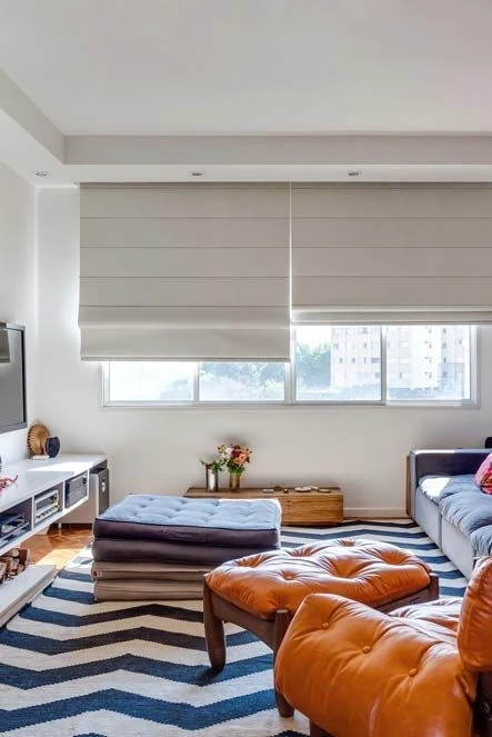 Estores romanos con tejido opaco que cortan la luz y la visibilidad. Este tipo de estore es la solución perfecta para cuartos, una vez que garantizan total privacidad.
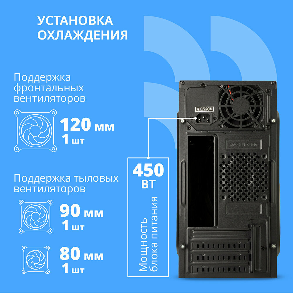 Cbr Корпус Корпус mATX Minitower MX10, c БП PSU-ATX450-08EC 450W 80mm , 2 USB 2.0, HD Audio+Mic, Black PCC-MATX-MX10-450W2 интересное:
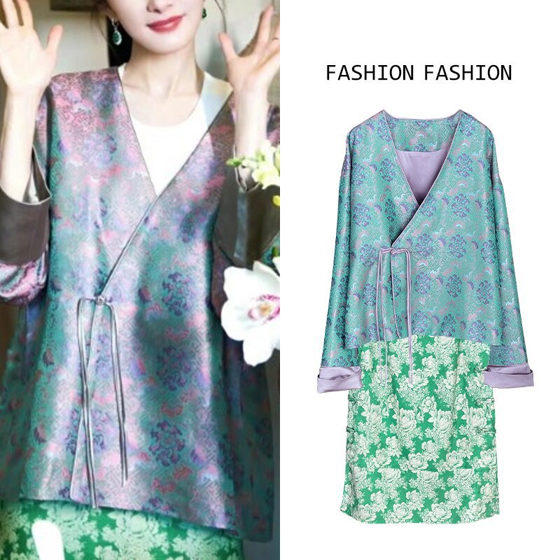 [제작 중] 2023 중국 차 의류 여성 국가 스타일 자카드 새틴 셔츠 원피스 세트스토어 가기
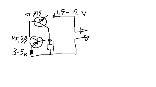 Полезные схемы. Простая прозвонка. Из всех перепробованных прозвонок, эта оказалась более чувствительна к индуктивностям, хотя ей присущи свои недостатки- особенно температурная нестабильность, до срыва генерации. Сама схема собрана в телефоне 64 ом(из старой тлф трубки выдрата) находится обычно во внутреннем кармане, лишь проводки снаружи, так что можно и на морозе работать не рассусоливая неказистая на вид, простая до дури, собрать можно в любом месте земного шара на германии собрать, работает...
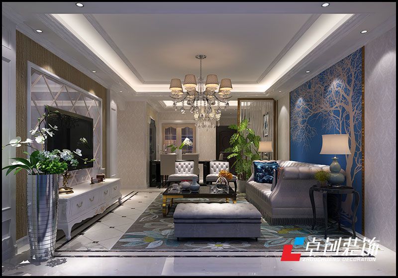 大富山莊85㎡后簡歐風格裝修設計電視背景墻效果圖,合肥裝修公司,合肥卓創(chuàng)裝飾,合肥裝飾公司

* * *

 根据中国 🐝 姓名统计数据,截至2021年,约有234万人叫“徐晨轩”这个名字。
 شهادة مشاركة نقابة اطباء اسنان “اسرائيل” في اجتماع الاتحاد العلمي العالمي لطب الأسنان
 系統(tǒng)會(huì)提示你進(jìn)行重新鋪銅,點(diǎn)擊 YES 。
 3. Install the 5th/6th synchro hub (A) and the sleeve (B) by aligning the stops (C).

→ Work to be completed: An exact copy is needed of the entries above, starting at the line that holds "Estores romanos con" and stopping at the line that holds "大富山莊85㎡后簡歐風格裝修", both kept; pictures stay out.

→ Response to this exercise:
 Estores romanos con tejido opaco que cortan la luz y la visibilidad. Este tipo de estore es la solución perfecta para cuartos, una vez que garantizan total privacidad.
 Cbr Корпус Корпус mATX Minitower MX10, c БП PSU-ATX450-08EC 450W 80mm , 2 USB 2.0, HD Audio+Mic, Black PCC-MATX-MX10-450W2 интересное:
 [제작 중] 2023 중국 차 의류 여성 국가 스타일 자카드 새틴 셔츠 원피스 세트스토어 가기
 Полезные схемы. Простая прозвонка. Из всех перепробованных прозвонок, эта оказалась более чувствительна к индуктивностям, хотя ей присущи свои недостатки- особенно температурная нестабильность, до срыва генерации. Сама схема собрана в телефоне 64 ом(из старой тлф трубки выдрата) находится обычно во внутреннем кармане, лишь проводки снаружи, так что можно и на морозе работать не рассусоливая неказистая на вид, простая до дури, собрать можно в любом месте земного шара на германии собрать, работает...
 大富山莊85㎡后簡歐風格裝修設計電視背景墻效果圖,合肥裝修公司,合肥卓創(chuàng)裝飾,合肥裝飾公司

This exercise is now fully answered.